Suggestion: impl Drop for async File/Volume using embassy_futures::block_on, but put that behind an async_drop Cargo feature that is enabled by default. This will Just Work by default, and any project where that little bit of blocking is really a problem has an escape hatch.

Nevermind, I forgot core::mem::forget exists to opt out of Drop, and of course File/Volume::close already use it. There's no need for a Cargo feature to prevent dropping; that can be opted out of just by calling File/Volume::close.

@Be-ing
Copy link
Author

Be-ing commented Feb 15, 2025

Some blogs about async drop:
https://without.boats/blog/asynchronous-clean-up/
https://sabrinajewson.org/blog/async-drop
https://smallcultfollowing.com/babysteps/blog/2023/03/16/must-move-types/

TL;DR: It's complicated and Rust is a long way from async drop being implemented. Probably not for some more years.

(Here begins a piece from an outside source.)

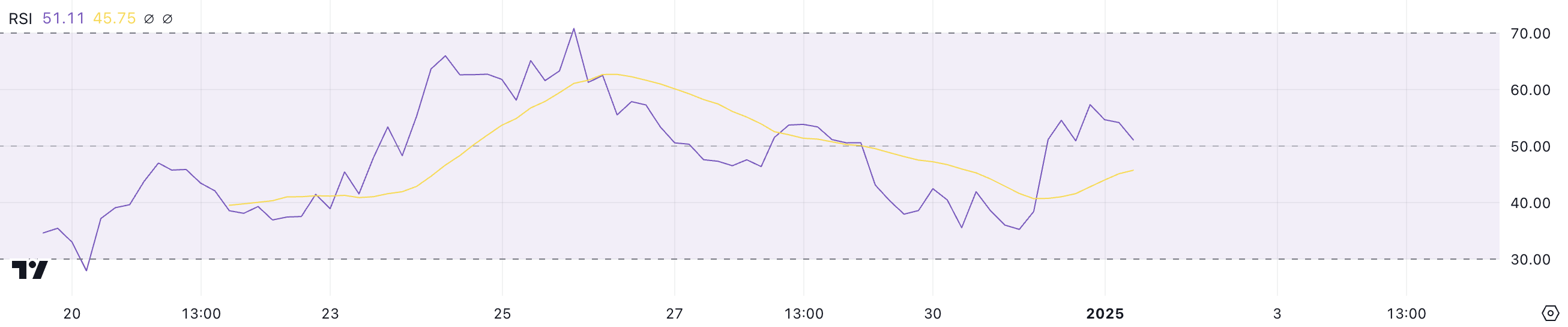 PENGU салыстырмалы күш индексі (RSI) қазіргі уақытта 51-де, бұл кешегі 57-ден аздап төмендегенін көрсетеді, бір күннен аз уақыт ішінде 35-тен көтерілгеннен кейін. Бұл қозғалыс сатып алу қысымы аздап төмендегенін көрсетсе де, RSI әлі де бейтарап аймақта екенін көрсетеді.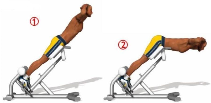 - Гиперэкстензия. Ложимся бедрами на тренажер, опускаемся вниз. В тазобедренном суставе должно быть 90 градусов. Необходимо поднимать корпус так, чтобы тело было вытянуто в сплошную линию. Фиксируем положение на 10-20 секунд, расслабляемся и повторяем 10-15 раз.

Blocking in Drop is an ugly workaround, but I think it's sufficient for now.

@thejpster
Copy link
Member

You'll need to handle dropping Directories too.

@Be-ing
Copy link
Author

Be-ing commented Feb 15, 2025

Directory::drop doesn't make any async calls, so there's nothing to do there. The existing implementation is already enough.

@yanshay
Copy link

yanshay commented Mar 28, 2025

That's a pretty bad failure mode and makes me wonder if we should have the option to Drop File and Volume. We could panic in those Drop impls with a helpful error messages saying to use close().await instead. Maybe we could make that the default Drop impl and add a Cargo feature embassy-time-generic-queue to opt into the block_on impls of Drop?

Thanks for all the testing and feedback everyone, it's is very useful!

That would have definitely been helpful and save quite some time. I would have never thought of the close if I didn't go through this discussion before and even with that I initially missed the await, only the warning made me notice that.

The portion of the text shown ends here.